Pilot — validate before wiring the poller

The thin model rests on five unknowns. Stand up the dedicated T3 instance and drive a couple of allowlist-repo issues by hand via the dispatch API to confirm each, before building the poller and committing the architecture:

  1. Per-thread custom agent + skip-permissions — can a dispatched thread carry our issue-implementer system prompt and run unattended without stalling on T3's approval gating? (biggest unknown)
  2. Dispatch auth — mint orchestration:operate, store in Vault, refresh the 1-hour token.
  3. Status/completion — drive CI-watch/freeze/labels purely from polling GET /api/orchestration/snapshot.
  4. Worktree reconciliation — T3's native prepareWorktree vs our persistent-checkout-with-warm-caches; pick one or make them cooperate on the volume.
  5. The in-cluster T3 pod — headless t3 serve --no-browser, version-pinned and Keel-excluded, internal ingress + Authentik, with tokens / toolchains / SSD volume / claude auth provisioned.

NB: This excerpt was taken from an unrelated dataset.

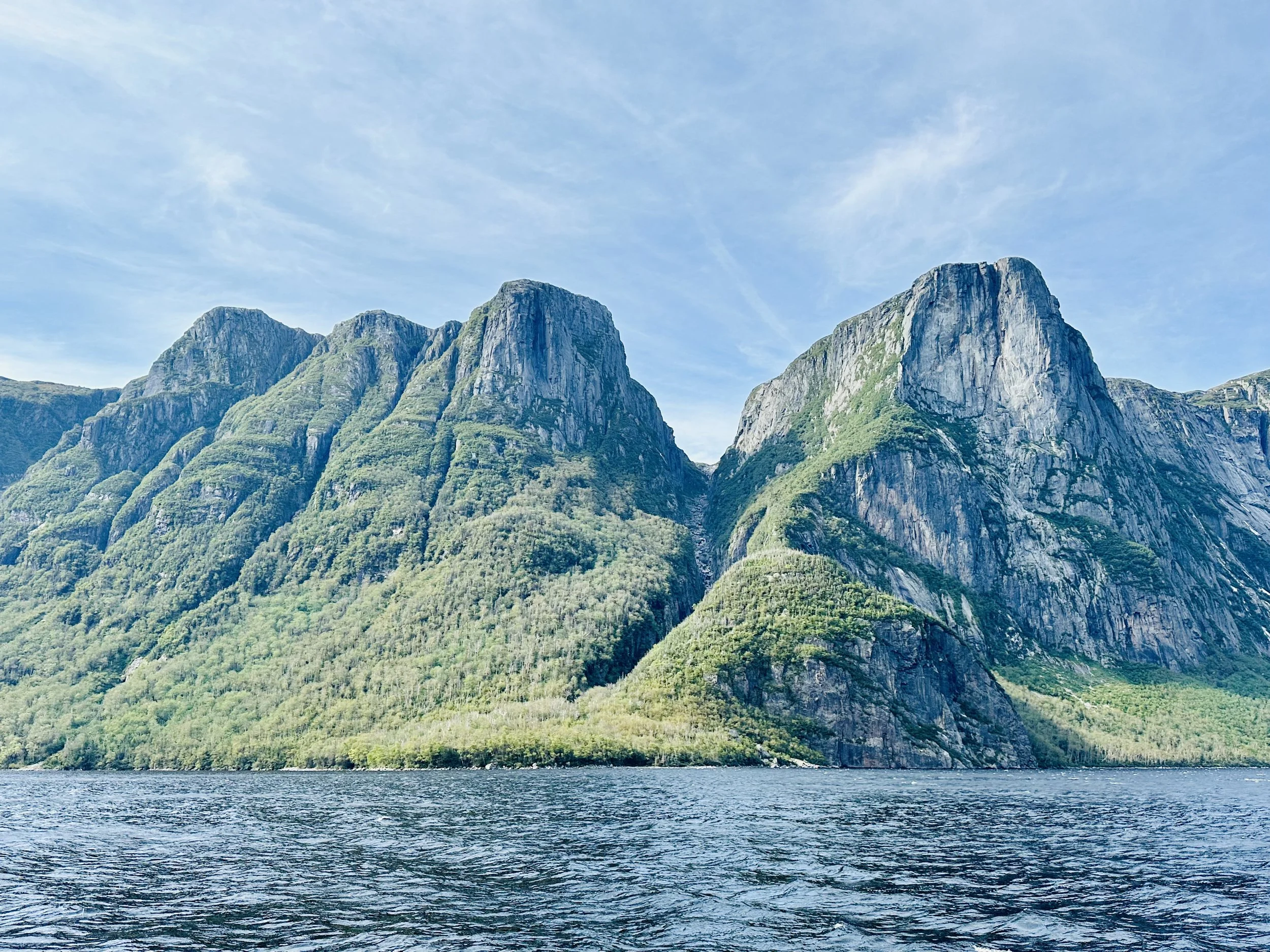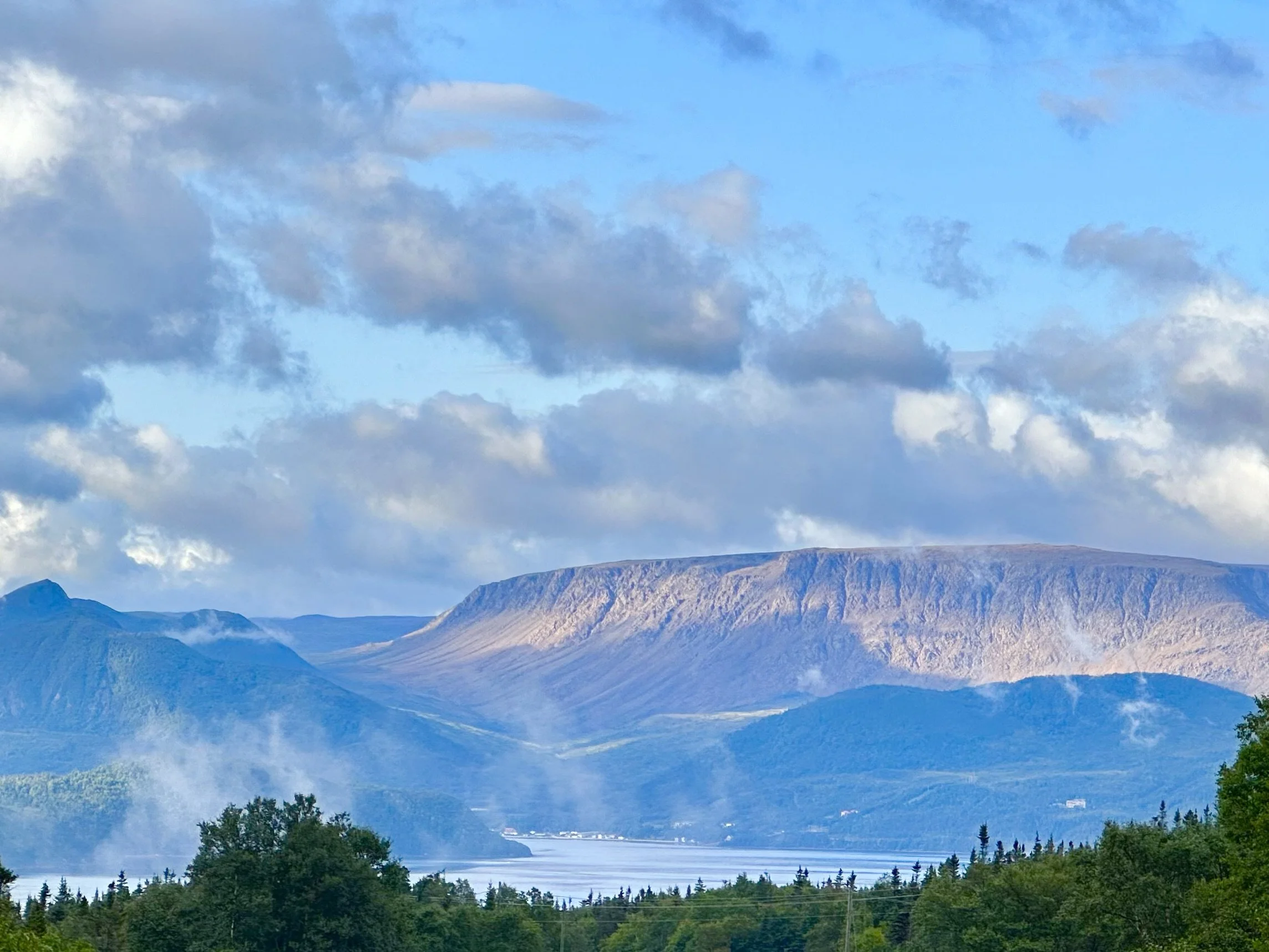 A shot of the Tablelands (the flat peak on the right) and Bonne Bay in Gros Morne Provincial Park. The scenery on the western peninsula of Newfoundland is unparalleled, and the island (together with Labrador) is the least densely populated of all the Canadian provinces, at 1.4 people per square kilometer. It is also home to some of the friendliest and most cheerful people we have ever encountered.

Relationship to prior decisions

  • Supersedes the worktree rejection in 2026-06-02-parallel-execution-design.md (contextualized, not contradicted — ADR 0004).
  • Drops two intermediate ideas explored and rejected this session: evolving claude-agent-service into its own session/tmux/worktree runtime, and building a bespoke breakglass-generalized console — both replaced by T3.
  • Reuses the issue-responder guardrails, the CI/CD chain, the beads-dispatcher CronJob pattern, presence, Loki, and the design skills.

Out of scope / open questions

  • Raw-terminal "take-over" of a worker (T3 is a GUI cockpit, not a terminal); if ever needed, that's a separate add-on.
  • Multi-tenant T3 (it is single-operator by design — fine, it matches the shared service identity).
  • Cross-repo dependency orchestration beyond per-issue "Blocked by".
  • T3 Code is pre-1.0 (~v0.0.x) and churny; the version-pin + Keel-exclude + swappable-backend discipline (ADR 0003) is the mitigation.